Problem to solve — An exact repetition of the data below, without images, is the expected answer.

Supplied data —
........
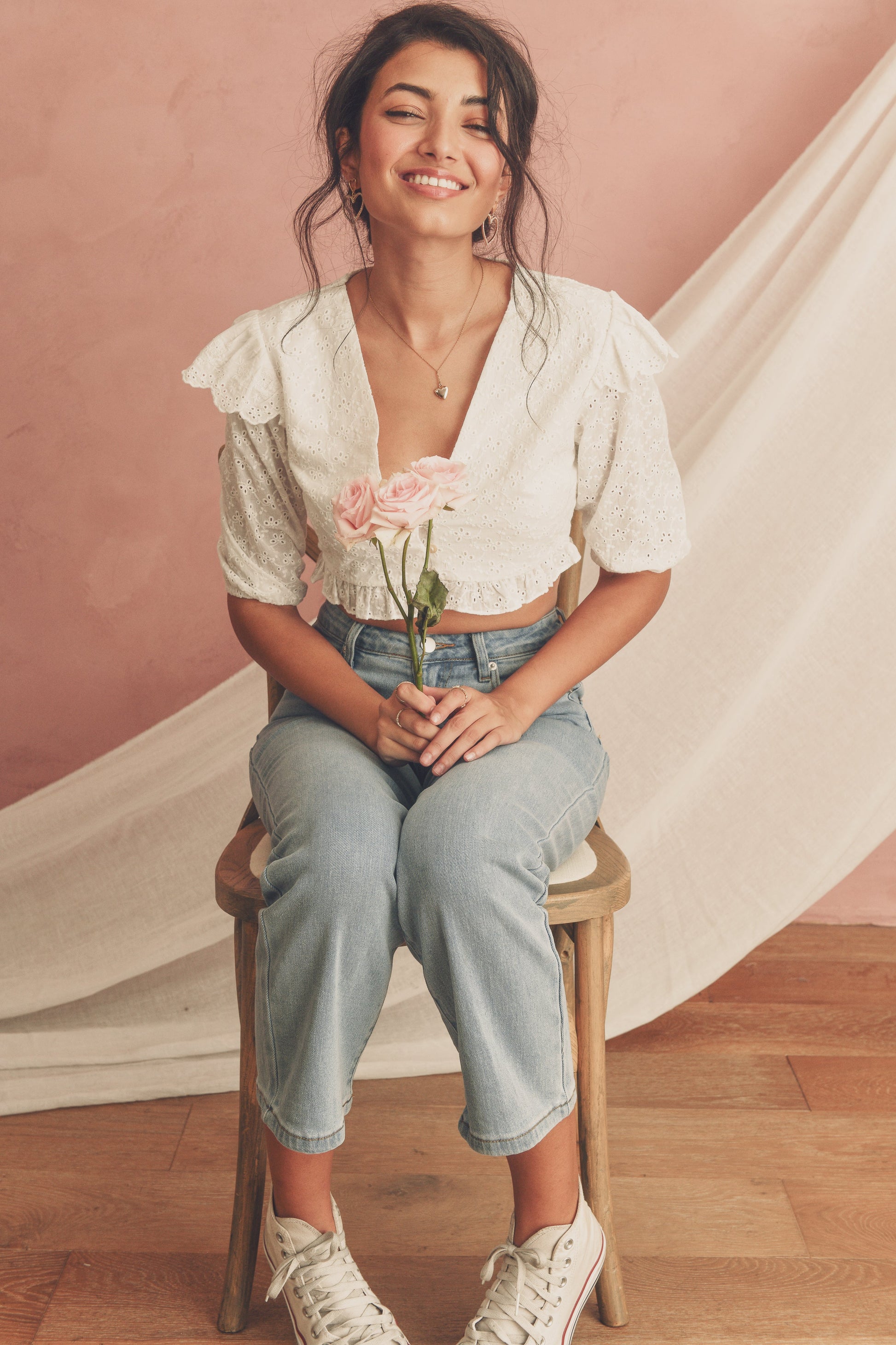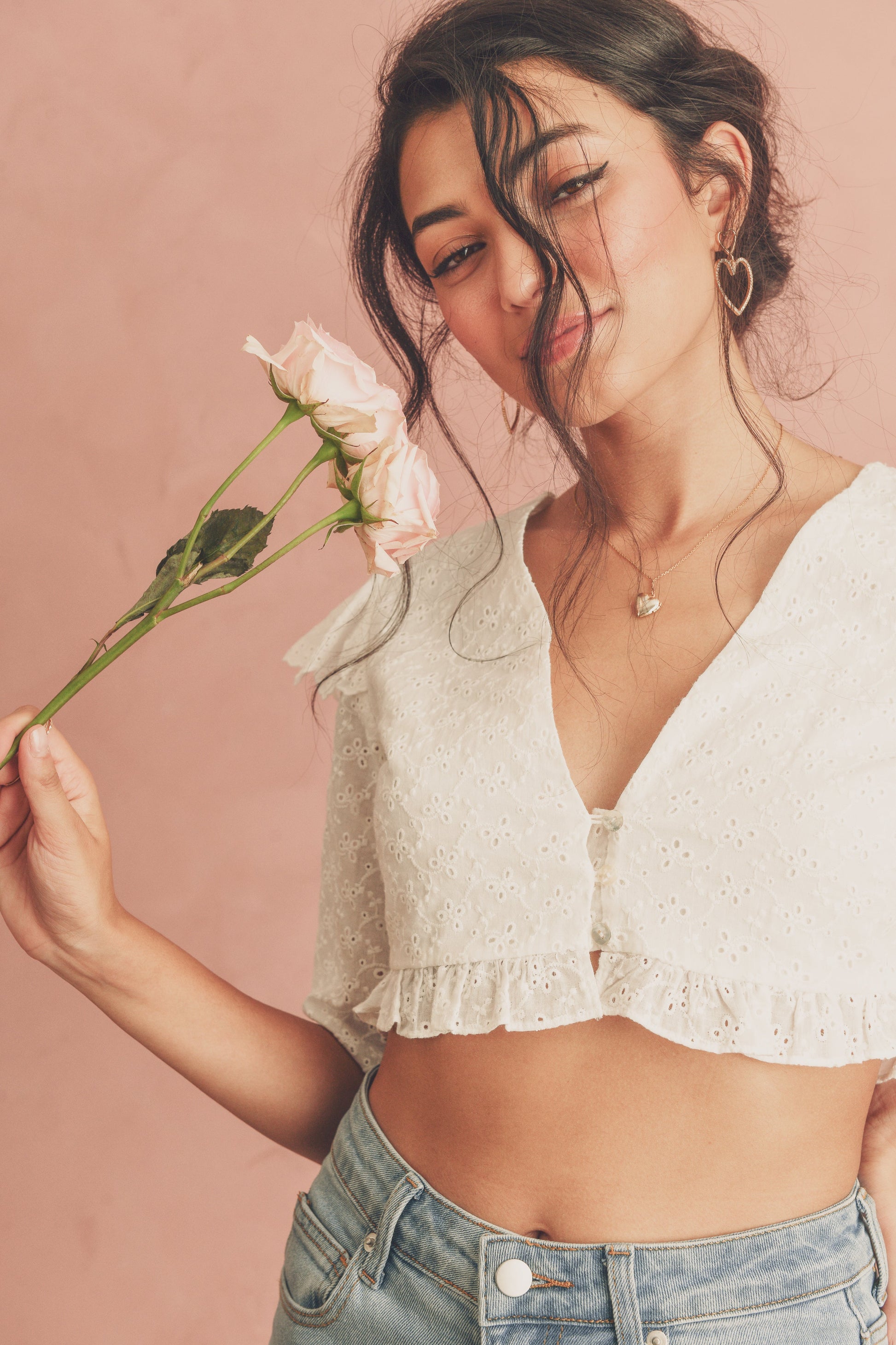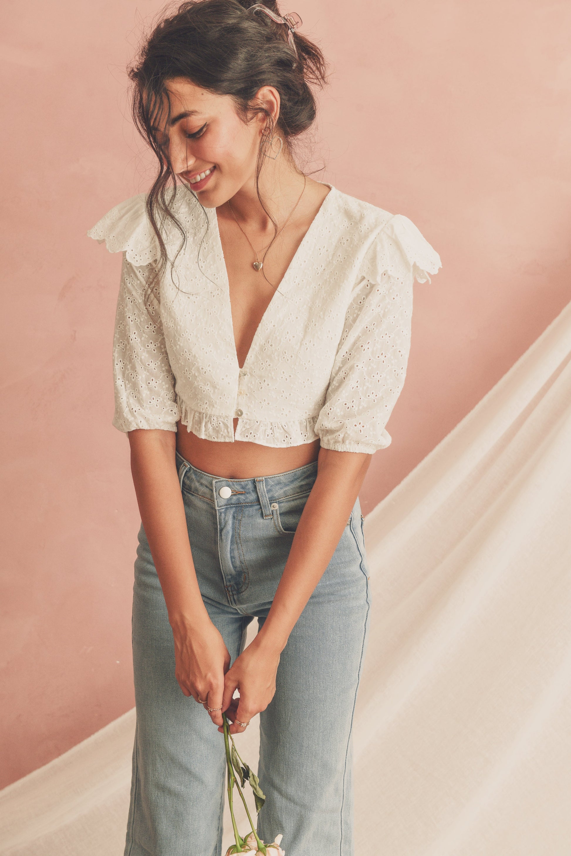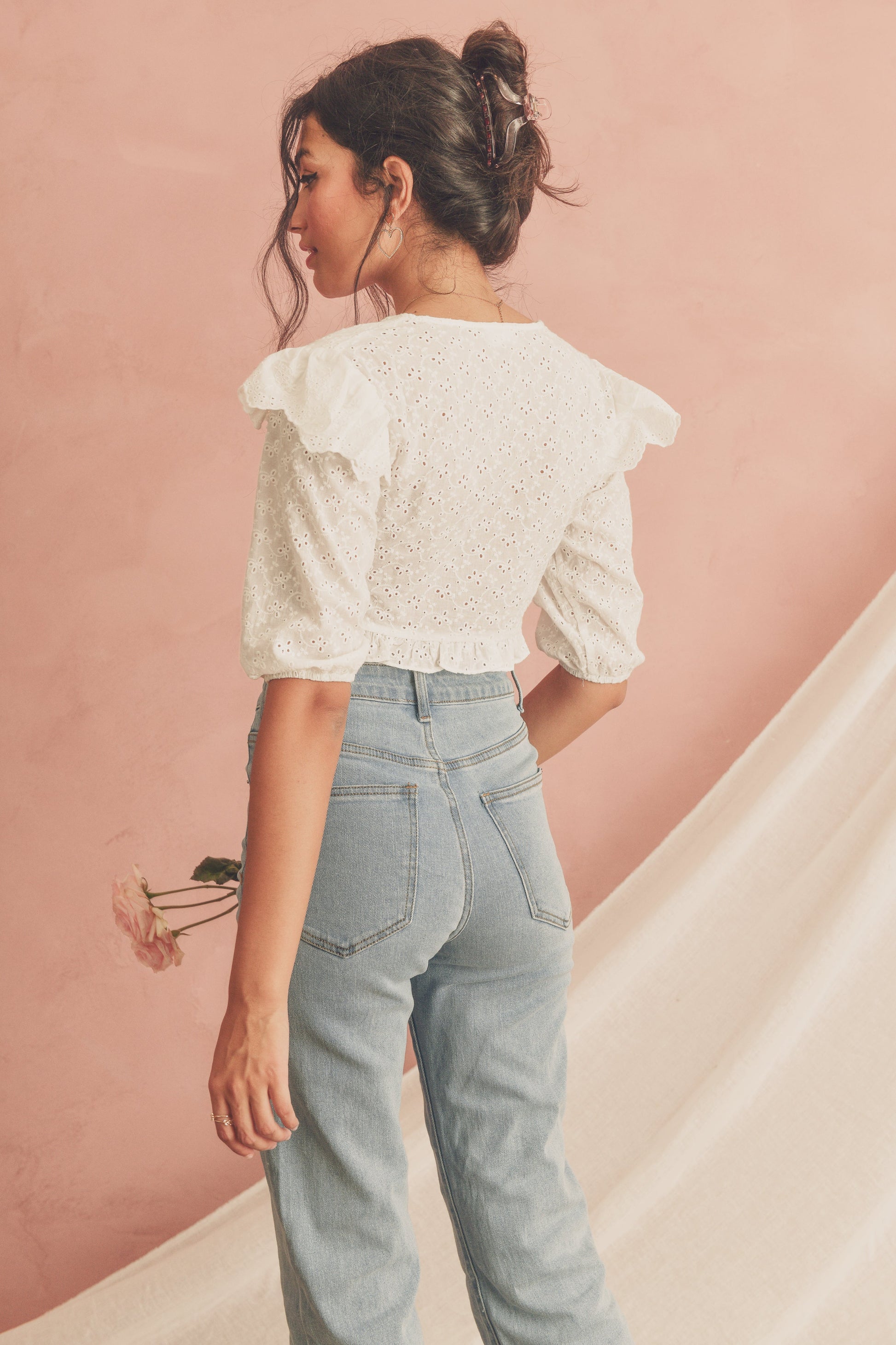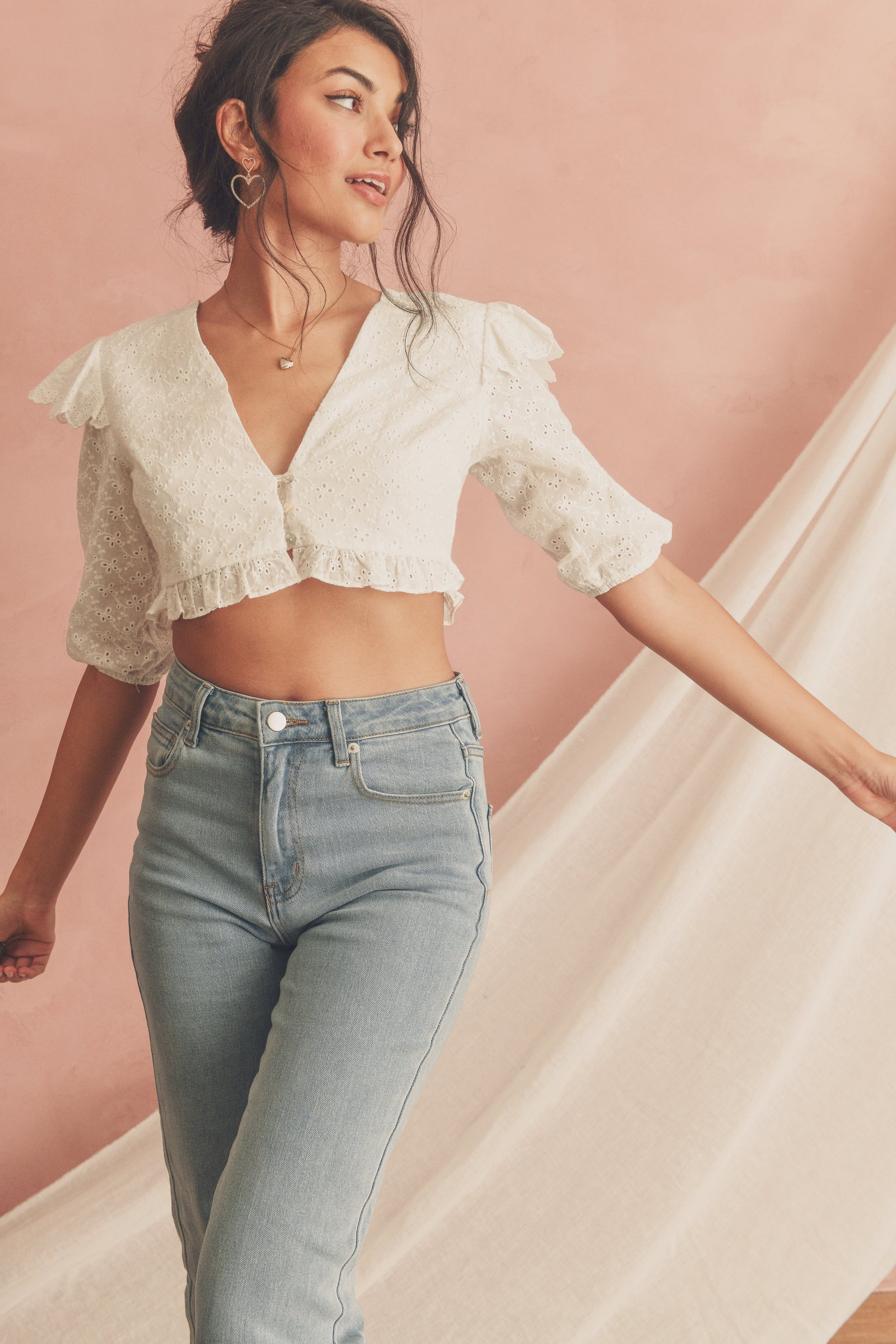 White eyelet top features, cropped fit, v-neckline, quarter sleeves with elastic cuffs, three shell buttons, and front lined. Paired with sea becomes sky pants.
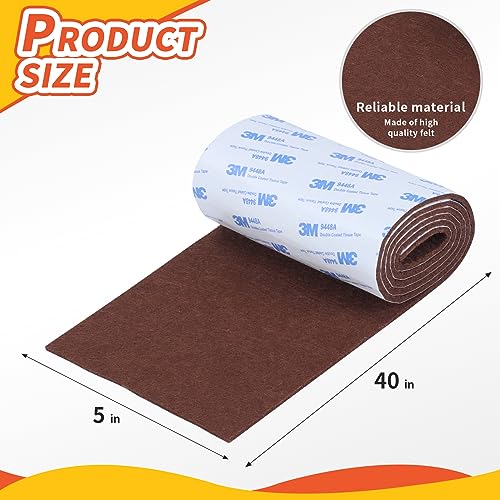 Felt Furniture Pads, Non Slip Self Adhesive Cuttable Felt Tape Brown Heavy Duty Felts Strip Roll for Protecting Hardwood Floors Chair Wall Protector (40 x 5 x 0.12 Inch)
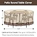 Size: 110"DIAx28"H. Fits 96,110 inches diam round patio tables or fits including but not limited to 48,52,54,55,60,62,64,68,70,72,76,84,96 inches table chairs set.Note: The coverage depends on the size of the furniture set, especially the depth of the chairs. Please measure the dimensions of your furniture carefully before purchasing.
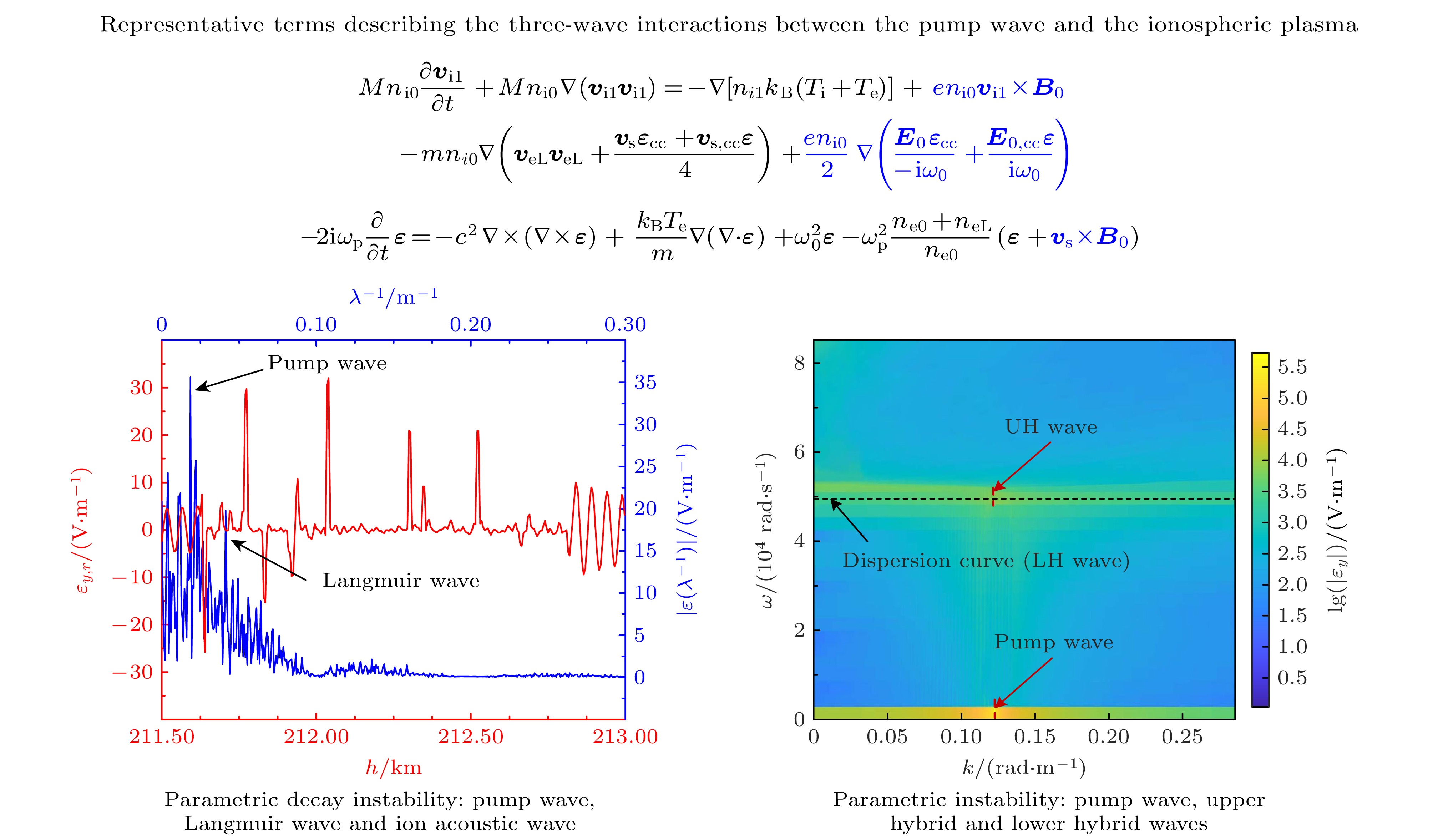 In low-pressure plasmas, the collisions between particles are weak and insufficient damping from collisions, leading to the gradual development of various waves and instabilities. Thus, the effects of wave-particle interaction are non-negligible in the non-equilibrium transport processes in plasma under low pressure conditions. For example, the heating of ionospheric plasma by high-frequency electromagnetic waves plays an important role in achieving over-the-horizon communication. During the wave propagation through the ionosphere, the electromagnetic radiation changes the local electron temperature and density, and simultaneously, excites various wave modes and instabilities. This study focuses on the interactions between high-power electromagnetic waves emitted from the ground and ionospheric plasma. Based on the plasma fluid model and Zakharov method, a physical-mathematical model is established to describe the wave-wave and wave-particle interactions in the ionospheric plasmas under the excitation of the pump waves. The modeling results of the active heating of ionosphere show that when the ground-emitted waves propagate in the ionospheric plasma, the energy deposition of the electromagnetic waves at the reflection height will excite a strong localized electric field, leading to the parametric instabilities. When the frequency and wave vector matching conditions are satisfied, two different three-wave interactions will be excited, i.e. the parametric decay instability involving the pump wave, Langmuir wave and ion acoustic wave, as well as the parametric instability related to the pump wave, upper hybrid and lower hybrid waves. Within a certain range of pump frequency and power studied in this study, the decrease of the pump frequency will lead to the decrease of the reflection height of the ordinary waves, and simultaneously, the perturbation ratios of the electron temperature will also increase. A higher pump wave power will enhance the energy absorption of the ionospheric plasma by the pump wave, thereby increasing the electron temperature. The modeling results not only reveal the spatiotemporal evolutions of the ionospheric plasma characteristics under various pump parameters and the energy transport processes between waves and particles, but also theoretically explain the parametric instability, stimulated electromagnetic emission and other phenomena observed in experiments.
........
Exercise solution —
 White eyelet top features, cropped fit, v-neckline, quarter sleeves with elastic cuffs, three shell buttons, and front lined. Paired with sea becomes sky pants.
 Felt Furniture Pads, Non Slip Self Adhesive Cuttable Felt Tape Brown Heavy Duty Felts Strip Roll for Protecting Hardwood Floors Chair Wall Protector (40 x 5 x 0.12 Inch)
 Size: 110"DIAx28"H. Fits 96,110 inches diam round patio tables or fits including but not limited to 48,52,54,55,60,62,64,68,70,72,76,84,96 inches table chairs set.Note: The coverage depends on the size of the furniture set, especially the depth of the chairs. Please measure the dimensions of your furniture carefully before purchasing.
 In low-pressure plasmas, the collisions between particles are weak and insufficient damping from collisions, leading to the gradual development of various waves and instabilities. Thus, the effects of wave-particle interaction are non-negligible in the non-equilibrium transport processes in plasma under low pressure conditions. For example, the heating of ionospheric plasma by high-frequency electromagnetic waves plays an important role in achieving over-the-horizon communication. During the wave propagation through the ionosphere, the electromagnetic radiation changes the local electron temperature and density, and simultaneously, excites various wave modes and instabilities. This study focuses on the interactions between high-power electromagnetic waves emitted from the ground and ionospheric plasma. Based on the plasma fluid model and Zakharov method, a physical-mathematical model is established to describe the wave-wave and wave-particle interactions in the ionospheric plasmas under the excitation of the pump waves. The modeling results of the active heating of ionosphere show that when the ground-emitted waves propagate in the ionospheric plasma, the energy deposition of the electromagnetic waves at the reflection height will excite a strong localized electric field, leading to the parametric instabilities. When the frequency and wave vector matching conditions are satisfied, two different three-wave interactions will be excited, i.e. the parametric decay instability involving the pump wave, Langmuir wave and ion acoustic wave, as well as the parametric instability related to the pump wave, upper hybrid and lower hybrid waves. Within a certain range of pump frequency and power studied in this study, the decrease of the pump frequency will lead to the decrease of the reflection height of the ordinary waves, and simultaneously, the perturbation ratios of the electron temperature will also increase. A higher pump wave power will enhance the energy absorption of the ionospheric plasma by the pump wave, thereby increasing the electron temperature. The modeling results not only reveal the spatiotemporal evolutions of the ionospheric plasma characteristics under various pump parameters and the energy transport processes between waves and particles, but also theoretically explain the parametric instability, stimulated electromagnetic emission and other phenomena observed in experiments.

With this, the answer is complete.